C’è una domanda che mi ronza spesso in testa, e che magari ha colpito anche te: “Perché dovrei cambiare il mio modo di vendere?

Paolo Pugni

C’è una domanda che mi ronza spesso in testa, e che magari ha colpito anche te: “Perché dovrei cambiare il mio modo di vendere? Se fino ad oggi ha funzionato, perché metterci mano?” Una domanda legittima, onesta. Forse anche un po’ stanca. Ma come tutte le buone domande, nasconde dentro una verità scomoda: il mondo è cambiato.

Il cliente è cambiato (prima di te)

Partiamo da qui. Da lui. Dal cliente.

Nel B2B, più di 3 decisori su 4 non vogliono più incontrare un venditore. (Fonte: Gartner, “The Future of Sales”, 2020). Non è un capriccio. Non è disinteresse. È il segno di un cambiamento profondo:

  • I clienti vogliono decidere da soli.
  • Hanno accesso a più informazioni di quante ne possano gestire.
  • Diffidano dei venditori che si presentano come portatori di verità assolute.

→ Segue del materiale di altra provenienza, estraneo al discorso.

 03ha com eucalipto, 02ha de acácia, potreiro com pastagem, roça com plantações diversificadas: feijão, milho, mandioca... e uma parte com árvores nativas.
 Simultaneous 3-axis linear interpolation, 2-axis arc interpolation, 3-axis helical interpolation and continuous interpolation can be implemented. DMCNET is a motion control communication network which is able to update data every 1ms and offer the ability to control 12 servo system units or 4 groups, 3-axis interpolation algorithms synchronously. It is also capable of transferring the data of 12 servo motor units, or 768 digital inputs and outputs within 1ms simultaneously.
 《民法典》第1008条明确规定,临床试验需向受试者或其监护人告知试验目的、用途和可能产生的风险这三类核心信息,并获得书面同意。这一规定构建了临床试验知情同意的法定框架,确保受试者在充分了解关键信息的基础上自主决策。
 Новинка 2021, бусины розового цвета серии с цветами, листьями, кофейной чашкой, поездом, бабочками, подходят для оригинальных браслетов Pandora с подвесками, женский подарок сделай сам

Nel secolo scorso, il venditore era il custode dell’informazione. Il sacerdote del sapere di prodotto. Portava conoscenza dove mancava.

Oggi è il contrario: è il cliente che spesso sa già tutto. O almeno crede di saperlo. Ha letto, confrontato, chiesto a ChatGPT.

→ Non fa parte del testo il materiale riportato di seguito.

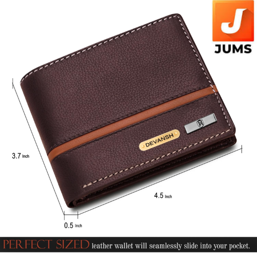 CUSTOMISED NAME WALLET : If you're tired of the same old, boring wallets, try out this personalized name wallet! Not only can you customize the name, but these wallets are incredibly stylish compared to regular wallets.FUNCTIONAL DESIGN: This stylish mens wallet offers plenty of space to store your valuables. It features 2 cash compartments, 8 credit card slots, 1 ID slot and 1 secret pocket, all within a slim wallet size of 4.5 X 3.5 X 0.75 inches.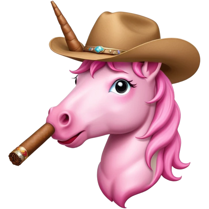 pink unicorn wearing a cowboy hat with a cigar in its mouth emoji | AI Emoji Generator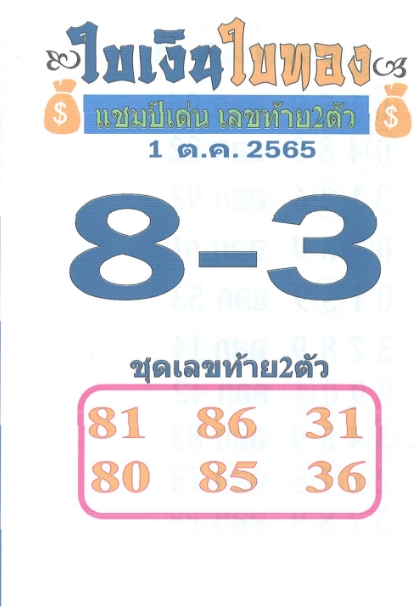 หวยใบเงิน ใบทอง งวดวันที่ 1 ตุลาคม 2565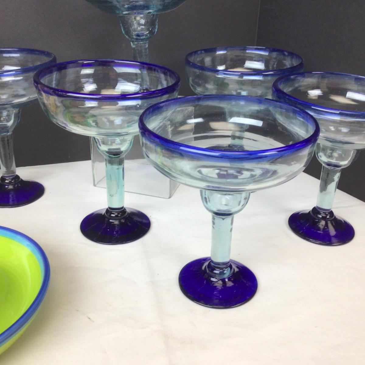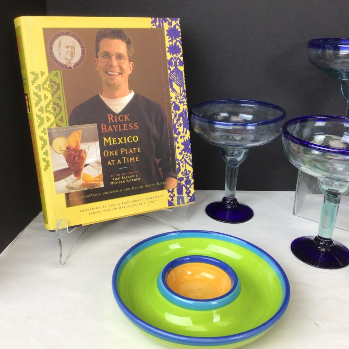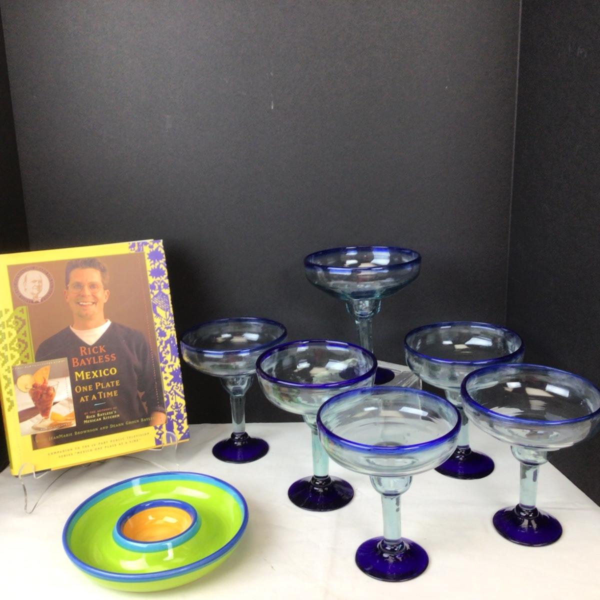 Lot contains 6 Pier One margarita glasses, dish for salting the rims and a cookbook with Mexico One Plate at a Time.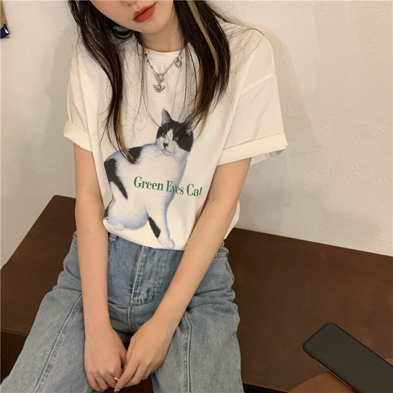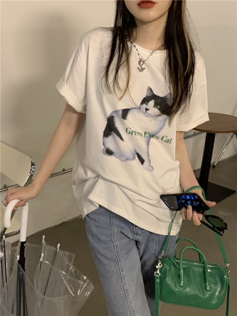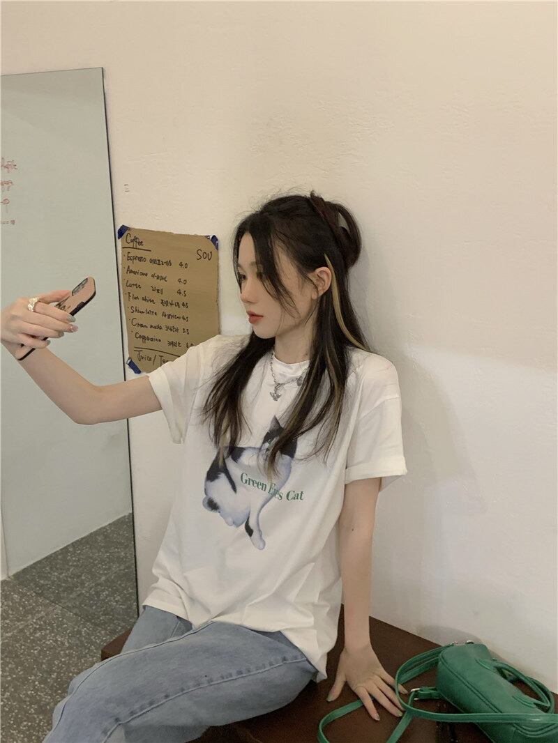 プリント柄ルーズカジュアルTシャツ サマー薄手トップス レディース 夏物 kumikum51972236924

E quindi? Se non serve più portare informazioni, a che cosa serve un venditore?

Dall’informazione alla trasformazione

Vendere oggi non è più una questione di “spiegare il prodotto”. Ma di trasformare la realtà del cliente. Di aiutarlo a raggiungere un obiettivo, superare un problema, risolvere un conflitto.

Ragioniamo insieme:

  • Un’azienda compera solo se ha un obiettivo da raggiungere.
  • Ogni obiettivo comporta delle sfide: ostacoli, inefficienze, rischi.
  • Se non riesce a superarli da sola, cerca una soluzione esterna.
  • E cerca un partner. Non un venditore, ma qualcuno che sappia guidare, aiutare, risolvere.

E tu sei pronto ad essere quel partner?

Il venditore che crea valore

Non è più tempo per il venditore che “presenta il prodotto”. È tempo del venditore consulente, del professionista che aiuta il cliente a guadagnare di più, perdere meno, dormire meglio.

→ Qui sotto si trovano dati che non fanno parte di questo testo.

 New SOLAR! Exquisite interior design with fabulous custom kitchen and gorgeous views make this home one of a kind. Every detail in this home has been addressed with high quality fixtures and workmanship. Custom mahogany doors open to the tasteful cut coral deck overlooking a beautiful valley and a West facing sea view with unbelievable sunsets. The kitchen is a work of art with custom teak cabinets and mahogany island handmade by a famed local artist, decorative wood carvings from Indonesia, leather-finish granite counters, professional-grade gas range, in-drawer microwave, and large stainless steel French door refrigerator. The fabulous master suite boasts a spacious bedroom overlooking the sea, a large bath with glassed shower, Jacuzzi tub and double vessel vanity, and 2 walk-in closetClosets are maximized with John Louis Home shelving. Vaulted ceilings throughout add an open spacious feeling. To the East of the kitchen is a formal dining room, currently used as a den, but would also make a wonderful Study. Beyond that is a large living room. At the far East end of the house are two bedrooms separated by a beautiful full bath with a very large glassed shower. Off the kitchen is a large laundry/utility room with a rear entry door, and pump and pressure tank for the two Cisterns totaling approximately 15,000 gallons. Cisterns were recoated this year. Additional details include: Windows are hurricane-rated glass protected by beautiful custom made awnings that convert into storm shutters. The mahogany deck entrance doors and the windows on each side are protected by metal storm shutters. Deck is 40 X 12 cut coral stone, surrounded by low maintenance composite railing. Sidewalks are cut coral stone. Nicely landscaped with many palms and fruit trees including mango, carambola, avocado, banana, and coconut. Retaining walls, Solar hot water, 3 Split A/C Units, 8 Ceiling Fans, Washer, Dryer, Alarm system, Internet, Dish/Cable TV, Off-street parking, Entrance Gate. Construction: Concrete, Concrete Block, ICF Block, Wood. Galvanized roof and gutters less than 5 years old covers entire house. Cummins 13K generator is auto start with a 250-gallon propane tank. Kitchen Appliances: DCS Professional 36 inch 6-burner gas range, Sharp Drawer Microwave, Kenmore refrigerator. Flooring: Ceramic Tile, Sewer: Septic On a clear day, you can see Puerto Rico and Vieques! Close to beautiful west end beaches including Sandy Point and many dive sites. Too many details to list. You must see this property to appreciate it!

Come? Con queste azioni chiave:

  • Identifica l’obiettivo nascosto del cliente.
  • Fa emergere i veri problemi da risolvere.
  • Costruisce una visione comune del successo.
  • Presenta una soluzione personalizzata, non un catalogo.
  • Si assume la responsabilità del risultato, non solo dell’ordine.

Questa è vendita di valore. Questa è vendita umana in epoca digitale.

Studi, dati, segnali dal mercato

Non sono parole al vento. I dati ci parlano chiaro:

  • Il 77% dei buyer B2B afferma che il loro ultimo acquisto è stato complesso e difficile (Fonte: Gartner).
  • Gli acquirenti che percepiscono valore consultivo da parte del venditore sono 3 volte più propensi ad acquistare (Fonte: Challenger Sale).
  • McKinsey stima che le aziende che integrano il ruolo consulenziale nella vendita crescono il 30% più velocemente rispetto a quelle tradizionali (“The new B2B growth equation”, 2022).

E tu, sei pronto a cambiare?

Cambiare è scomodo. Sì. Ma restare fermi è pericoloso.

Chi compra è già cambiato. Sta a noi decidere se vogliamo rimanere venditori del passato o diventare guide del futuro.

Perché in fondo la domanda vera non è “perché cambiare il modo di vendere?”

Ma:

“Quanto ancora pensi che funzioni vendere come ieri?”